Grattaway - half of the UN SDGs are not about sustainability - and No8 is out on its own as bull---t.
Nonetheless, carbon emissions are the entropic exhaust-gases of our energy-burn, and the fact that they are global-habitat-altering, reflects the fact that our over-shotted-ness is global in its scale. We are in Systemic, multiple-facetted overshoot.
Arguing from the myopic POV of a NZ farmer (in debt and needing to believe there is light at the end of that tunnel, in the main) in the now, is perhaps not valid in the big picture.
Blaming others - or denigrating them/their story, is a common ploy. But it doesn't alter the physics/chemistry/biology of our predicament, eh?
Maybe we would get more "buy in" if we therefore talked/communicated about Energy Change rather than Climate Change.
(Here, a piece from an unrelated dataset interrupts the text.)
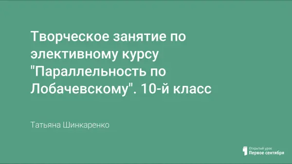 Представленный материал дает возможность более широко рассмотреть понятие параллельности в пространстве, знакомит учащихся с параллельностью по Лобачевскому, с поэтическим творчеством, которое посвящается великому ученому, развивает познавательный интерес к математике и научное мировоззрение.
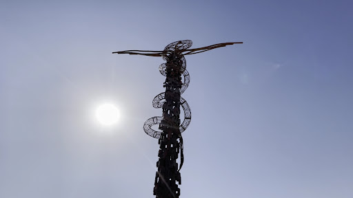 A probable replica of Brazen Serpent created by Giovanni Fantoni atop Mount Nebo, symbolic of bronze serpent created by Moses in the wilderness. In the biblical story, following their Exodus from Egypt, the Israelites set out from Mount Hor, where Aaron was buried, to go to the Red Sea. However they had to detour around the land of Edom (Numbers 20:21, 25).

Doesnt change the position that UN is a seriously confused, befuddled, misdirected organisation with to many heads and arms - and of course some of that is due to politics and done on purpose by politicians with pet projects and/or hidden agenda's
After examining the IPCC data repository at GitHub.com and communicating with two lead authors of Chapter 7, we found that the CERES global anomalies of reflected shortwave and outgoing longwave radiation have been multiplied by -1 in the computer code employed to generate Fig. 7.3. This caused inversion of the long-term trends of these key climate parameters. Dr. Matthew Palmer, one of the authors of Section 7.2.2, admitted in an email message that this trend inversion was intentionally done, but failed to provide a convincing justification for it.
The results from the trend inversion of CERES radiation data in the IPCC AR6 are highly consequential. Thus, Fig. 7.3 creates a false impression that the solar forcing played no role in recent warming and the rising concentrations of atmospheric greenhouse gases caused a retention of heat in the climate system by impeding the outgoing LW radiation. The truth is that the solar forcing explains the entire tropospheric warming since 2000, and there is no sign of “heat trapping” by greenhouse gases. Had the IPCC acknowledged the increase of Earth’s sunlight absorption in the 21st Century, this would have invalidated the Report’s central assertion that human carbon emissions were the main driver of climate in recent decades. In conclusion, it appears that radiative flux anomalies in Fig. 7.3 were manipulated and a discussion about long-term CERES trends in Section 7.2.2 was intentionally omitted, because the actual observations present a significant empirical challenge to the UN’s political Agenda set by Resolution A/RES/43/53 in 1988 to promote Anthropogenic Climate Change.
https://x.com/NikolovScience/status/1804197585143447870
Not sure Ned Nikolov has much credibility
https://www.washingtonpost.com/news/morning-mix/wp/2016/09/19/scientist…
I can't really get that enthusiastic about global warming when thousands of so-called 'scientists' descend on Dubai (an emirate that relies on oil and gas for its survival) for COP28 last year in hundreds of private jets, and precipitate the biggest carbon event in history.
The jets drop off their precious cargo and depart to another airfield to park for the duration of the conference, because there's insufficient space at Dubai...and then fly back.
The climate is quite normal where I live.